[Google Question][LeetCode] Design Hit Counter

Problem: Design a hit counter which counts the number of hits received in the past 5 minutes.

Each function accepts a timestamp parameter (in seconds granularity) and you may assume that calls are being made to the system in chronological order (i.e. the timestamp is monotonically increasing). You may assume that the earliest timestamp starts at 1.

It is possible that several hits arrive roughly at the same time i.e. the number of hits per second could be very large.

Example:

HitCounter counter = new HitCounter();

// hit at timestamp 1.
counter.hit(1);

// hit at timestamp 2.
counter.hit(2);

// hit at timestamp 3.
counter.hit(3);

// get hits at timestamp 4, should return 3.
counter.getHits(4);

// hit at timestamp 300.
counter.hit(300);

// get hits at timestamp 300, should return 4.
counter.getHits(300);

// get hits at timestamp 301, should return 3.
counter.getHits(301); 

Approach: Given that the timestamps are coming in a sorted order, we can use queue here as whenever we want to remove, we want to remove which were added first. With queue our approach will look like:

hit(timestamp):

• queue.Enqueue(timestamp)

getHits(timestamp):

• WHILE queue not empty AND timestamp - queue.Front >= 0
• queue.Dequeue();
• RETURN queue.Count

This will work fine but we need to consider that case where "the number of hits per second could be very large" so we might end up storing same timestamp multiple times. To reduce the space and hence time, what we can do is, we will store a key-value pair instead of just timestamp. Here key will be the timestamp and value will be the number of occurrences of the key timestamp.

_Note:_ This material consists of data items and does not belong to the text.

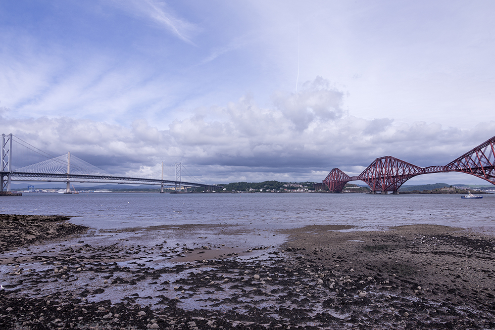 | ... South Queensferry – der Firth of Forth hat hier einen gewaltigen Tiedenhub von 6 m und eine heftige Gezeitenströmung - bei Ebbe könnte man auch meinen irgendwo mitten im Wattenmeer zu stehen ... |
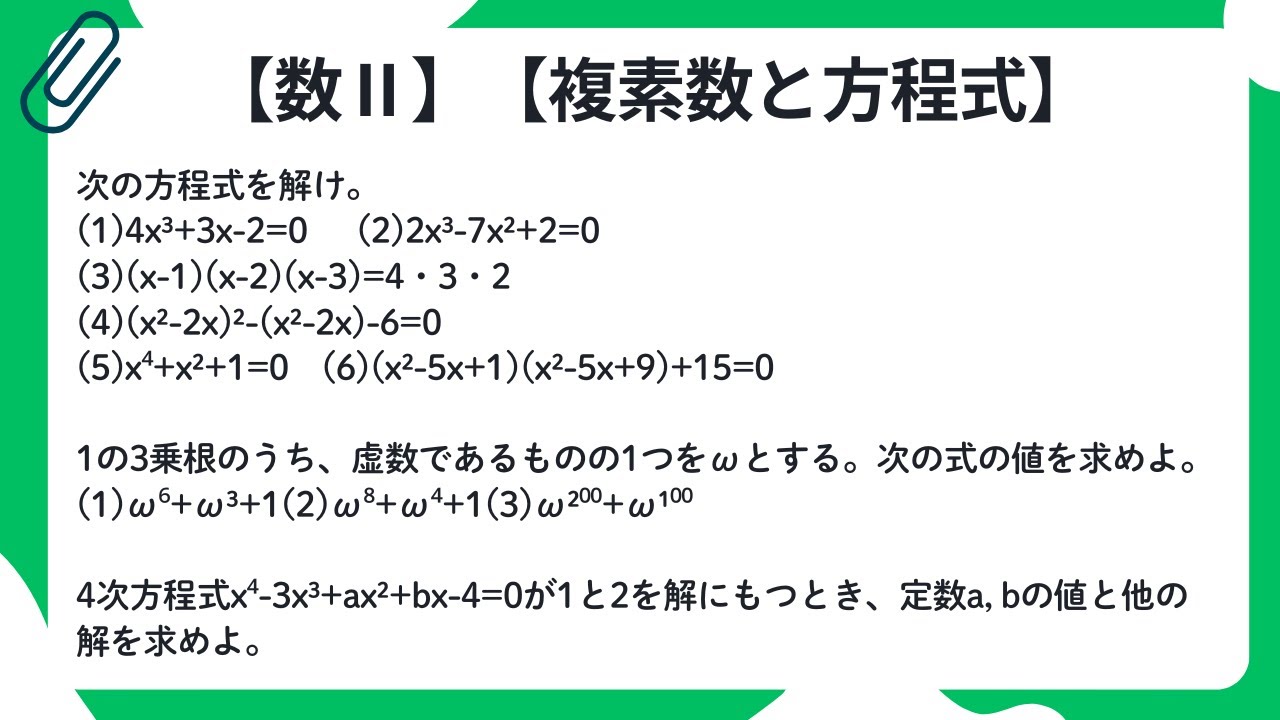 【数Ⅱ】【複素数と方程式】高次方程式2 ※問題文は概要欄
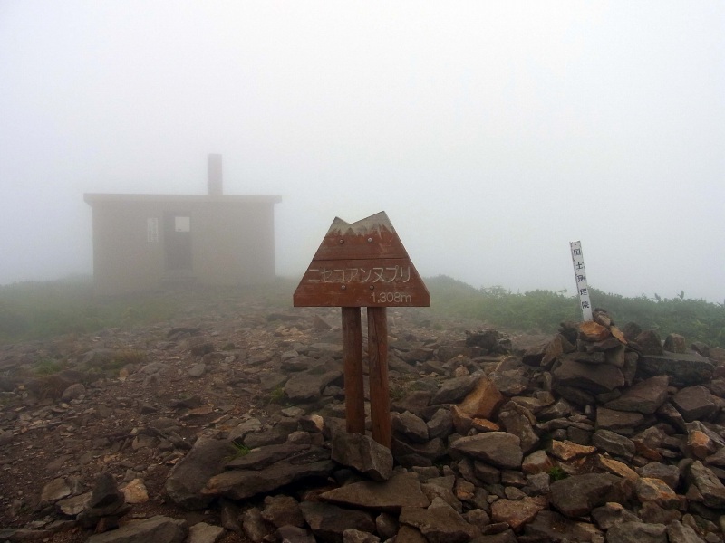 アンヌプリの山頂は濃霧の状態で、残年ながら羊蹄山を眺めることはできませんでした。
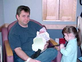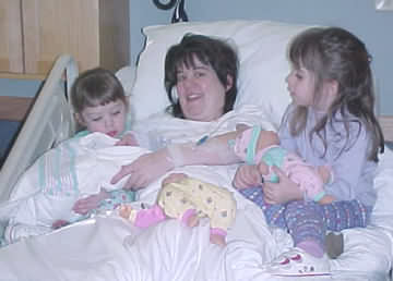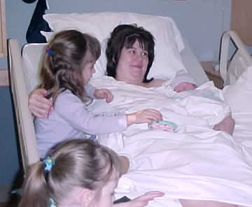 Emily and Katie say "Hi!" to their new sister.
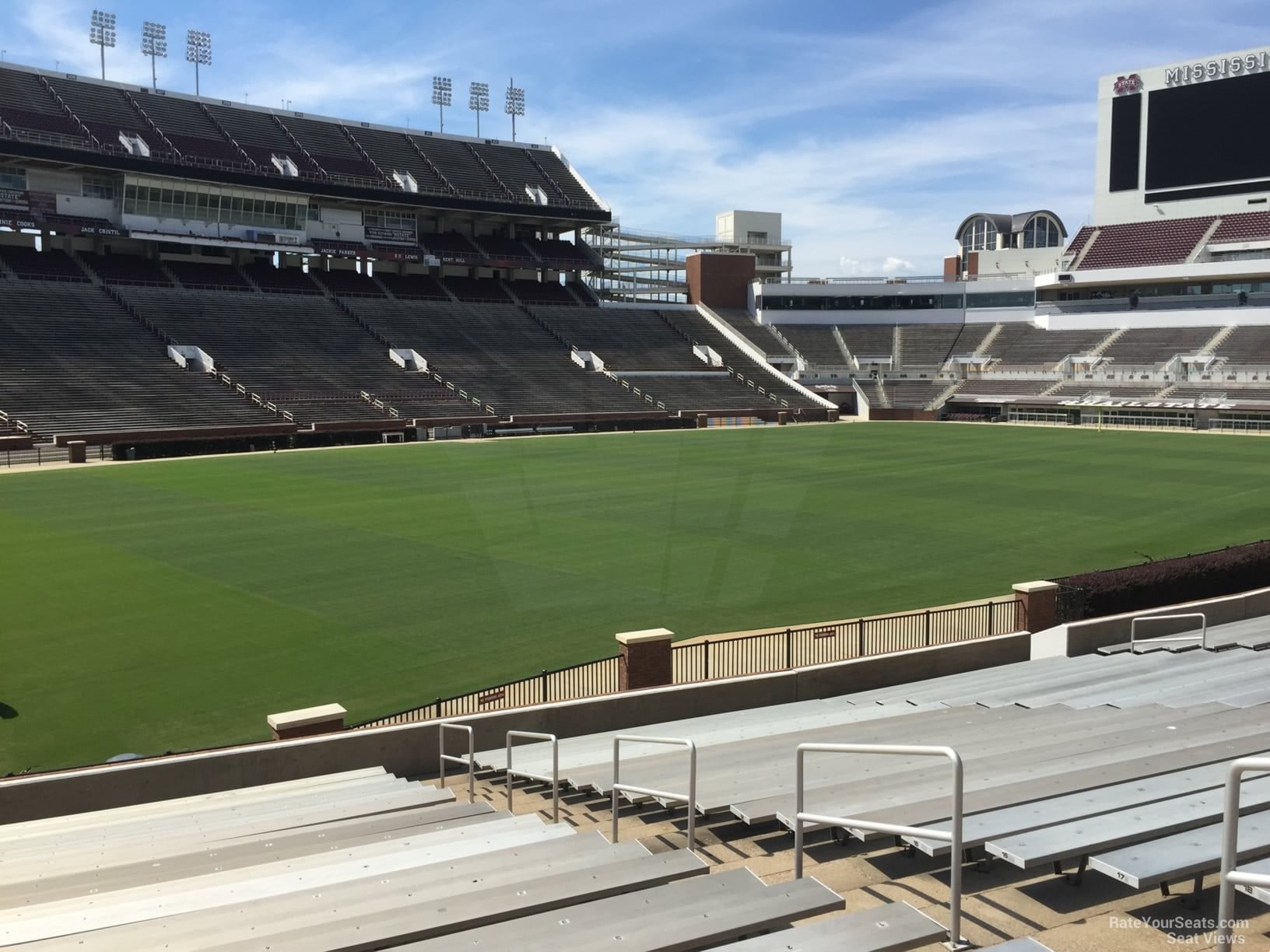 -The expansion of Davis Wade Stadium preserved most lower level bowl sections. Each section contains up to 59 rows of seating and some of the best views in the entire stadium. Sideline Seats Fans seated close to Row 30 will only have to navigate a few steps to their seats, and will be at an ideal height for seeing the whole field. The State sideline is on the West side of the field (Sections 01-07), leaving the visitor side of the field as the sunny side. Rows 45 and higher in Sections 03-05 will be the first to be shaded during the afternoon. Sections 101-113 are an extension of the West stands and include nine rows of seats beginning at Row 60. These seats are fully covered - but beware of the high rows - views of the scoreboard are blocked by the overhang. North Endzone North endzone seats are reserved for State students. These sections feature up to 40 rows of seats with good views of the North scoreboard. High rows in Sections 10-13 provide the best views of the field and are often shaded by the scoreboard behind them.
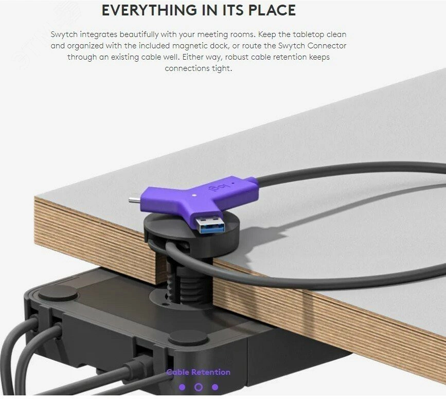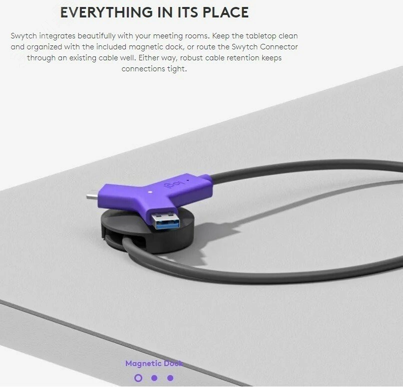 Кабель Logitech Cable Swytch - Y-образный кабель, предназначенный для подключения MacBook или ноутбука к системе конференций. Он обеспечивает соединение через USB-порты типов A и C. Кабель позволяет транслировать видео высокого качества с разрешением до 4К и подключать ноутбук к дисплею комнаты для проведения встреч. Управление устройством осуществляется через программу Logitech Sync, что облегчает мониторинг и управление устройствами конференц-зала, включая Logitech MeetUp, Rally и Tap.
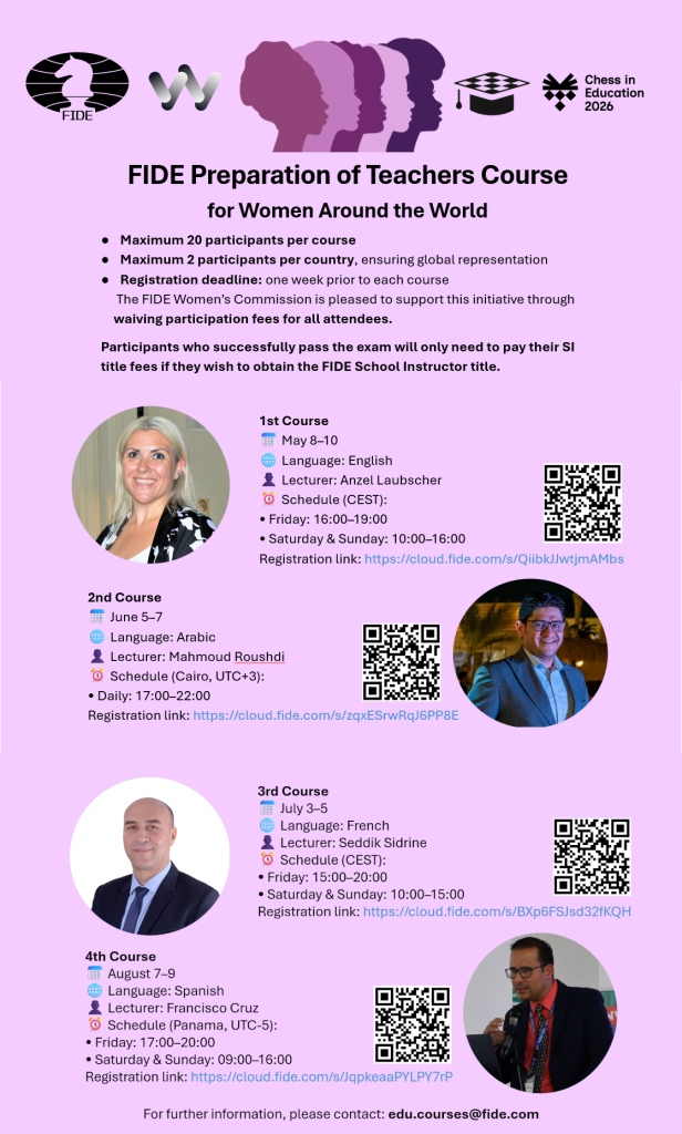 Throughout the month of March, events held across the world have brought together girls and women in chess, strengthening visibility, connection, and a sense of global community. Building on this momentum, the two commissions now join efforts to launch the FIDE Preparation of Teachers Course for Women Around the World – a joint initiative designed not only to support women in chess today, but to help shape the future of the game.

Now whenever we get the same timestamp as the last one, we just increment its count but in a Queue, we can't access and remove the element from back so we are going to use Dequeue here. With Dequeue, the approach will look like:

hit(timestamp):

• count = 1
• IF dequeue not empty and dequeue.Back.Key == timestamp
• count += dequeue.Back.Value;
• dequeue.RemoveBack()
• dequeue.Add({timestamp => count})
• TotalCount = TotalCount + 1

getHits(timestamp):

• WHILE dequeue not empty AND timestamp - dequeue.Front.Key >= 300
• TotalCount = TotalCount - dequeue.Front.Value
• dequeue.RemoveFront()
•  return TotalCount

 That's all!

Implementation in C#:

public class HitCounter 

{

    public HitCounter() 

    {

        this.hitsList = new LinkedList<KeyValuePair<int, int>>();    

    }

    

    public void Hit(int timestamp) 

    {

        int count = 1;

        if (this.hitsList.Count > 0 && this.hitsList.Last.Value.Key == timestamp)

        {

            count += this.hitsList.Last.Value.Value;

            this.hitsList.RemoveLast();

        }

        this.hitsList.AddLast(new KeyValuePair<int, int>(timestamp, count));

        ++this.totalHits;

    }

    

    public int GetHits(int timestamp) 

    {

        while (this.hitsList.Count > 0  && timestamp - this.hitsList.First.Value.Key >= 300)

        {

            this.totalHits -= this.hitsList.First.Value.Value;

            this.hitsList.RemoveFirst();

        }

        return this.totalHits;

    }

    

    private LinkedList<KeyValuePair<int, int>> hitsList;

    private int totalHits = 0;

}

Complexity: hit: O(1), getHits: O(n)